A year after calling at the UN for a Palestinian state, President Barack Obama may be about to order a U.S. veto to thwart an aspiration he has spent substantial political capital to bring about.
Palestinians, frustrated that peace talks with Israel and their path to statehood is frozen, are considering an application for recognition as a full member state at the United Nations Security Council next week.
Obama, under heavy domestic political pressure, has warned a Palestinian declaration of statehood would be a “distraction” and would not change facts on the ground, end conflict with Israel or lead to a genuine state.
The administration appears acutely aware of the consequences of a veto and has mounted a last ditch drive to head off the Palestinian move.
Secretary of State Hillary Clinton said Tuesday the initiative was aiming to forge a “sustainable platform for negotiations.” Another option would be to divert a statehood bid away from the Security Council.
If the Palestinians chose instead to seek to upgrade their status. to that of a non-member observer state in the UN General Assembly, Washington could vote against the move while avoiding a Security Council veto.
Though some European states are reportedly in favor, Washington and Israel still oppose even that compromise.
And despite Israeli warnings of a grave response and the prospect the U.S. Congress may pull hundreds of millions of dollars in aid, it may be that Palestinian president Mahmud Abbas is too invested politically to back down.
White House officials declined to discuss the possible impact of a veto on U.S. prestige.
But such a step would be embarrassing for Obama after he made the Palestinian cause and repairing the U.S. breach with Islam key goals of his presidency.
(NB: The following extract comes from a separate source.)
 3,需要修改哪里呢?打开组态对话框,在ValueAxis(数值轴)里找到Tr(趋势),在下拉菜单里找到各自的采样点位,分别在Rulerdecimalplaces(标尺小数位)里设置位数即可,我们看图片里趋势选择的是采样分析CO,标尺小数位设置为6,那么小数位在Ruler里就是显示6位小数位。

In 2009, he traveled to Cairo to address the Muslim world and declared: “America will not turn our backs on the legitimate Palestinian aspiration for dignity, opportunity, and a state of their own.”
A year ago, Obama raised the stakes, calling at the UN on Arab states and Israel and the Palestinians to draw on traditions of tolerance shared by Christianity, Islam and Judaism.
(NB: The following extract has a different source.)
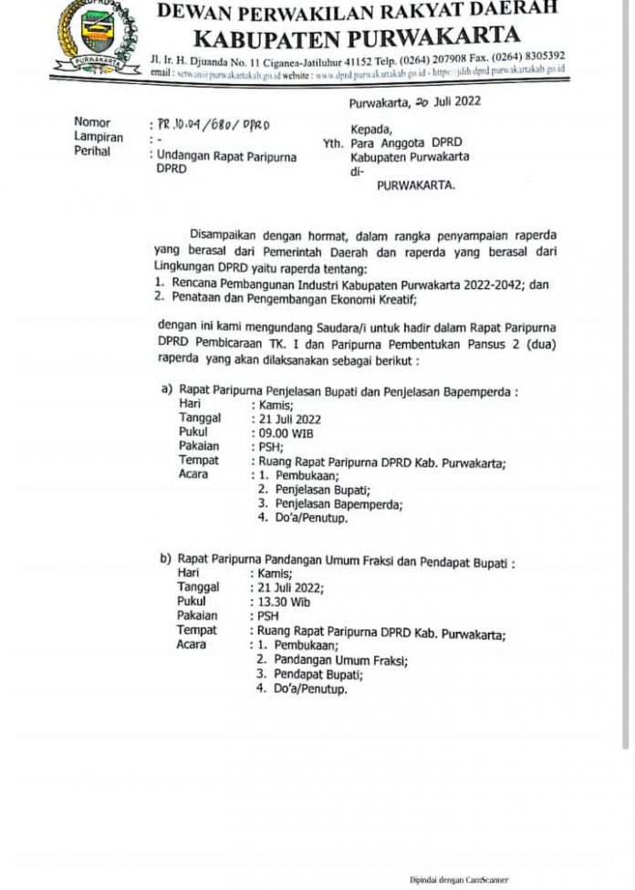 PURWAKARTA, Media Rajawalinews – Hal luar biasa terjadi dalam Rapat Paripurna I DPRD Purwakarta yang membahas rencana pembangunan industri Kabupaten Purwakarta 2022-2024 dan penataan dan pengembangan ekonomi kreatif, Kamis 21 Juli 2022.

“When we come back here next year, we can have an agreement that will lead to a new member of the United Nations − an independent, sovereign state of Palestine, living in peace with Israel,” Obama said, laying a big political bet.
Such hopes foundered on Israel’s refusal to extend a settlement moratorium, resulting Palestinian fury and U.S. bad blood with Israeli Prime Minister Benjamin Netanyahu.
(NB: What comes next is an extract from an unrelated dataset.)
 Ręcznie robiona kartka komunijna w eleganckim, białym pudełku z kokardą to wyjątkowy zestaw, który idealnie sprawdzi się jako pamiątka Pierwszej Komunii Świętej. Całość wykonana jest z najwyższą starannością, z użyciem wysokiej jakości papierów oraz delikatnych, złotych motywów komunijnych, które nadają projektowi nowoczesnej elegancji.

Marwan Muasher, a former Jordanian foreign minister, now with the Carnegie Endowment for International Peace, argued that a veto could damage U.S. credibility as it pushes for reform in a region rocked by the Arab Spring.
“I think the United States needs to understand this is a new region.”
“It can no longer say ‘if you are Libyan or Egyptian or Syrian, we’re for freedom, we are with you, but not if you are Palestinian − this is not a strong argument.”
Robert Malley, of the International Crisis Group, said the administration was divided on the issue.
One group fears a veto could radicalize Arab opinion and would be “an extremely negative development in terms of U.S. image, reputation and credibility in the Arab world,” he said.
An opposite view is “that this is expected, people know the U.S. is going to veto it and that it is not going to cause the kind of diplomatic catastrophe that others are predicting.”
Though U.S. influence in the Middle East is perceived to be waning, a decision by the Palestinians to internationalize their drive for a state would be a new blow to U.S.-sponsored peace efforts.
Another constituency is also important: Washington’s regional friends.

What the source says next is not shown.